As far as our friendship is concerned, it is not exactly that I want to be with you or see you very much. Of course, whatever happens, I shall go on living just in the same way and I shall go on with my work, but if I felt you had abandoned the irritating, continual effort to love me and forgive me I would be very disappointed: in fact much more than that. You and F. are the people I most like. For F. everything's simple and there is no conflict. With you it is different, but in spite of everything you are always fighting and there is something very clear in my picture of you.

Love to Heinz whom I am glad you are always with. I am writing 3 stories and lots of poems. I am 24!

In the elections of March 5, the Nazis failed to win a clear majority, despite their campaign of propaganda and intimidation. But their failure had no practical significance. For, on March 23, the Reichstag was bullied into passing the so-called Enabling Act, which made Hitler master of Germany. In a mad, meaningless way, his successive steps toward absolute power had all been legal.

After the elections, the weather turned suddenly mild and warm; the porter's wife at Nollendorfstrasse 17 called it “Hitler's weather.” The street itself, like all others, was hung with black-white-red swastika flags; it was unwise not to display them. Uniformed Nazis strode along the sidewalks with stern official expressions on their faces; it was advisable to step aside for them. They also came into the cafés and restaurants, rattling collecting boxes for the party; it was necessary to give them something. On the Nollendorfplatz and in other squares and public places, there were radio loudspeakers blaring forth speeches by Goering and Goebbels. “Germany is awake,” they said. People sat in front of the cafés listening to them—cowlike, vaguely curious, complacent, accepting what had happened but not the responsibility for it. Many of them hadn't even voted—how could they be responsible? The city was full of rumors about what went on behind the scenes, in the Storm Troop barracks, where the political prisoners had been taken. It was said that some were made to spit on Lenin's picture, swallow castor oil, eat old socks; that some were tortured; that many were already dead. The government denied all this, furiously. Even to repeat such rumors was treason. New ways of committing treason kept being announced in the press.

Some foreign journalists—those who were openly critical of the Nazi government—used to dine together, most evenings, at a small Italian restaurant. Among them was Norman Ebbutt of the London
Times.
Everybody else in the restaurant, including at least one police spy, watched them and tried to overhear what they were saying.
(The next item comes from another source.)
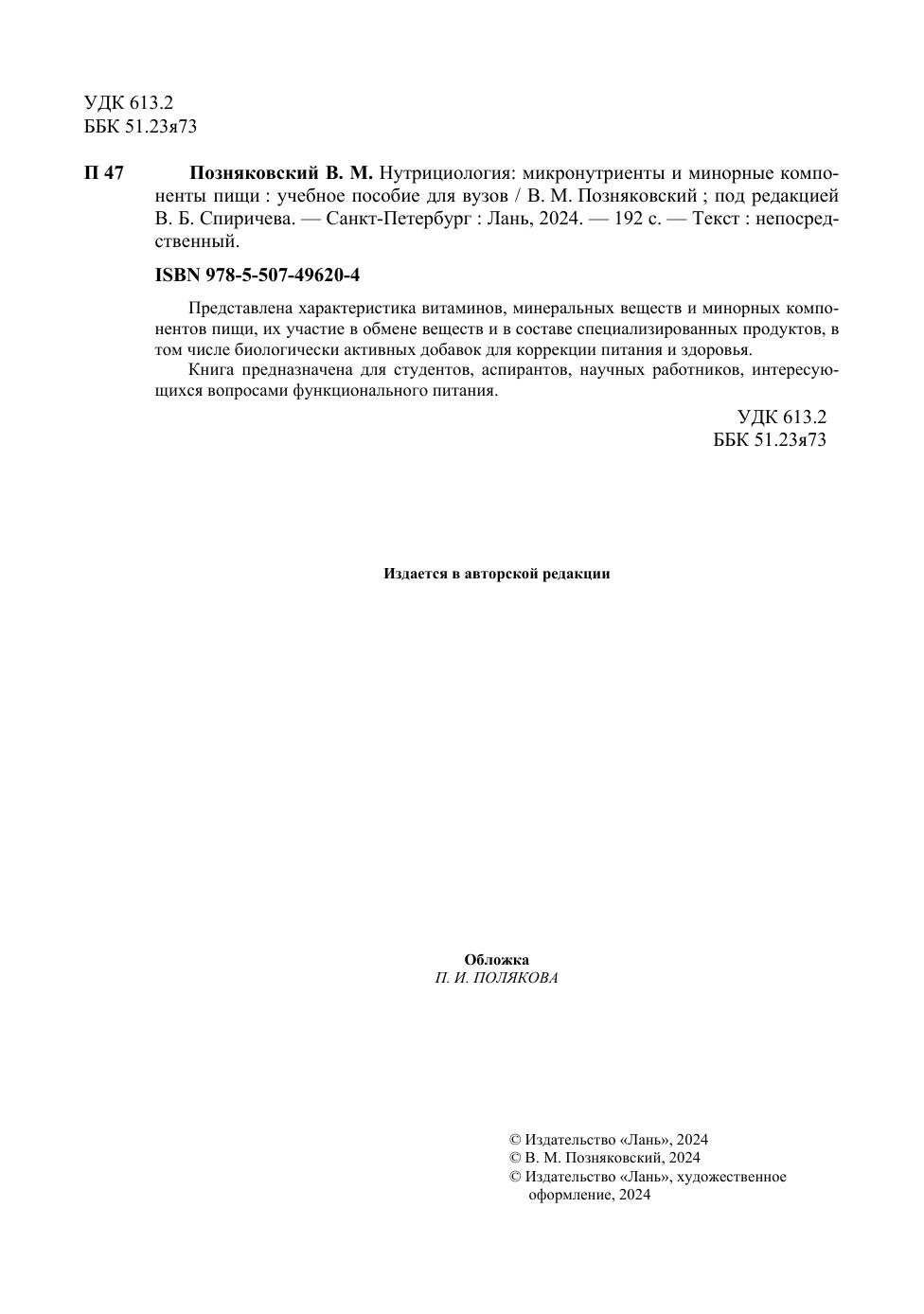 Представлена характеристика витаминов, минеральных веществ и минорных компонентов пищи, их участие в обмене веществ и в составе специализированных продуктов, в том числе биологически активных добавок для коррекции питания и здоровья. Книга предназначена для студентов, аспирантов, научных работников, интересующихся вопросами функционального питания.

If a German went up to their table and talked to them, he was pretty sure to be questioned by the police later.

One day, a young man came to see Christopher at the Nollendorfstrasse. He knew an escaped eyewitness who could describe conditions in the barracks and give the names of prisoners there; he wanted this to be published outside the country. Christopher had got to know Ebbutt, so he went to him with the information. Ebbutt had already made himself unpopular with the authorities by his revelations; even his own editor was worried about his frankness. The Nazis finally expelled him.
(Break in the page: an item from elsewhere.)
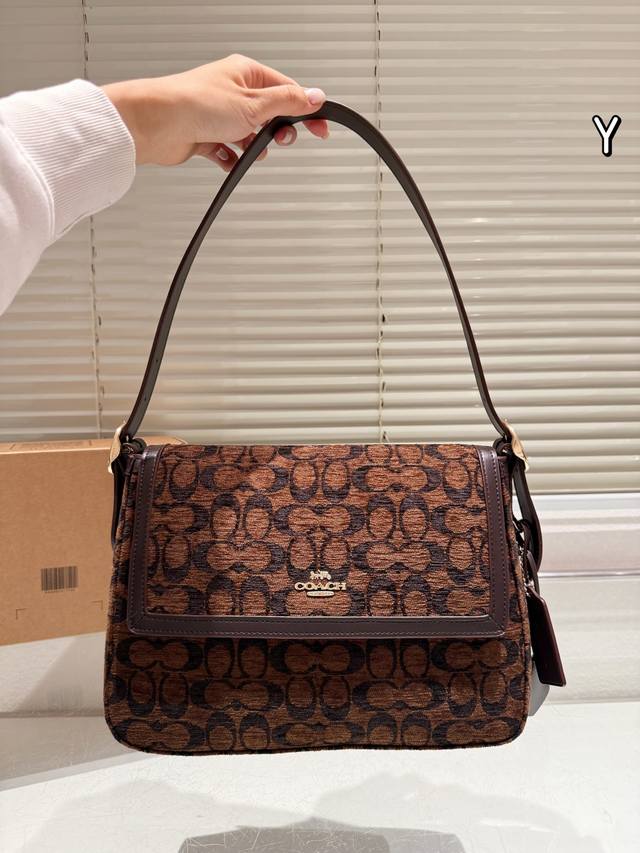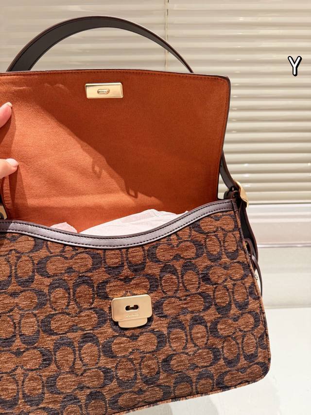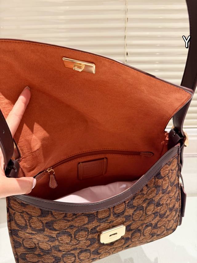 Coach Etta大号腋下包 DDD Coach Etta大号腋下包,经典老花帆布+棕色皮革饰边,复古优雅气质满分;。尺寸29.5X20.5X11.5Cm,容量大,通勤日常都很Ok!内部有拉链袋,收纳方便,推锁开合更安全。肩带可调节,腋下背Or斜挎都好看,秋冬搭配超有氛围感 。轻便耐用,实用又时髦,日常出街必备! DDD

Most of Christopher's Jewish friends had left Germany or were about to leave. Dr. Hirschfeld had been away on a world tour since 1930. The tour had ended in France, where he remained, knowing that it would be fatal for him to return. Karl Giese had joined him there. Christopher must have made some effort to contact Wilfrid Israel—halfhearted, no doubt. Aside from any cowardice he may have felt, he was aware that he might compromise Wilfrid even further—if that were possible; “foreigner” was already becoming a dirty word, and Christopher was a foreigner who must certainly be listed in the police archives as a member of the Hirschfeld Homosexuals and the Hamilton Reds. (Gerald Hamilton himself had already been closely cross-examined by the political police and had hastened to leave the country.)
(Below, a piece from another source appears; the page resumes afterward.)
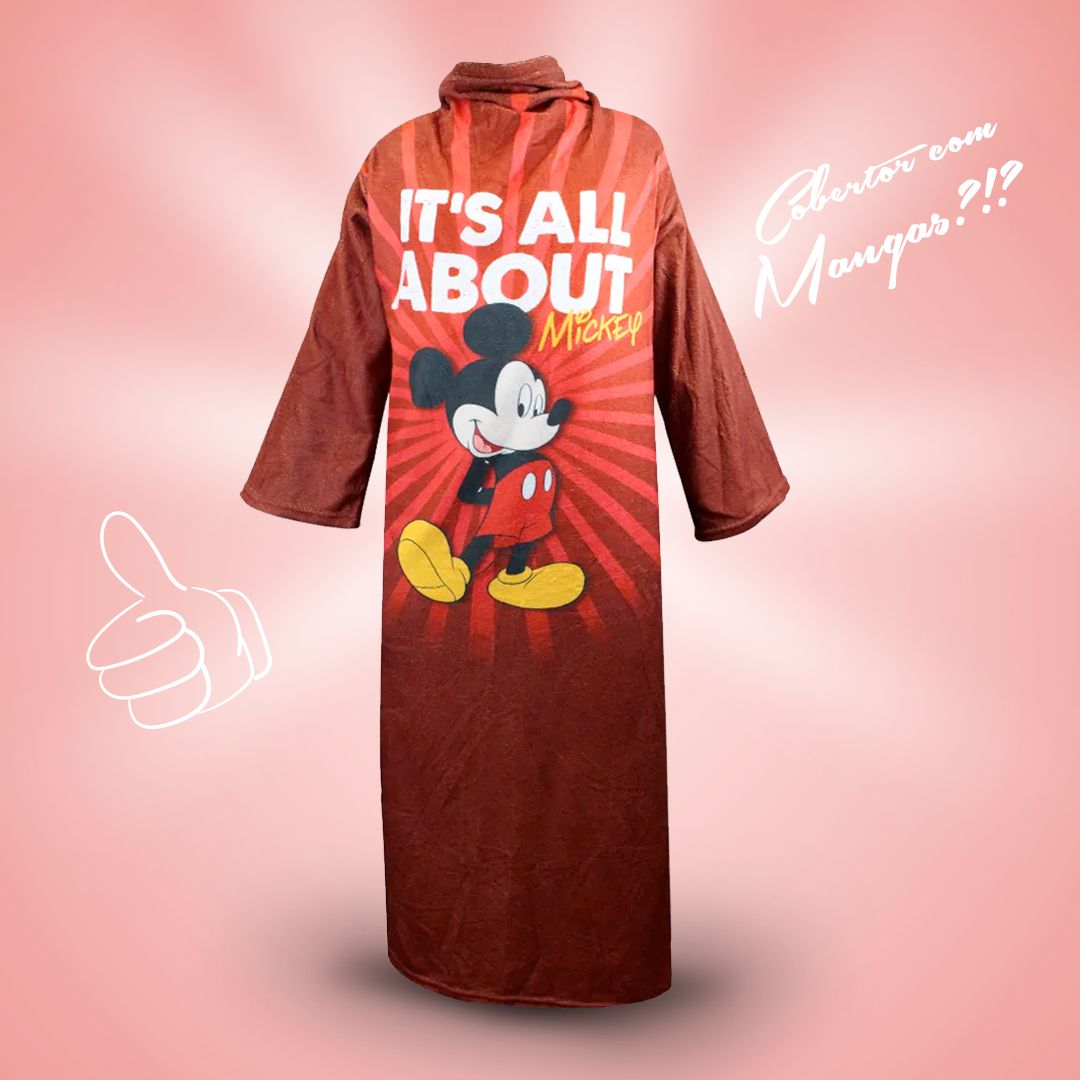 Sim, e ainda vem com o personagem mais querido do mundo? Ah, este cobertor de mangas Mickey é perfeito para ficar coberto sem perder os movimentos, dá pra sonhar confortavelmente dentro dele.

When the Nazis held their first boycott of Jewish businesses on April 1, Christopher went to see what was happening to the Israels' department store. Nothing much, it appeared. Two or three uniformed Storm Troopers were posted at each of the entrances. Their manner wasn't at all aggressive; they merely reminded each would-be shopper that this was a Jewish store. (In the small provincial towns, where everybody knew everybody and personal hates were fierce, there were window smashings, and shoppers were forcibly disgraced by being marked with rubber ink stamps on their foreheads and cheeks.) Quite a number of people did go into Israel's while Christopher was there, including Christopher himself. When he came out again, having made some token purchase, he recognized one of the boys at the entrance. They knew each other from the Cosy Corner. During the past year, politics had increasingly divided the bar boys. They had joined one or other of the street gangs which were encouraged, though not always officially recognized, by the Nazis or the Communists or the Nationalists. Now the non-Nazis were in danger, but many of them changed sides and were accepted. If you did get beaten up, it was more likely to be because you had a private enemy; this was a great opportunity to settle old scores.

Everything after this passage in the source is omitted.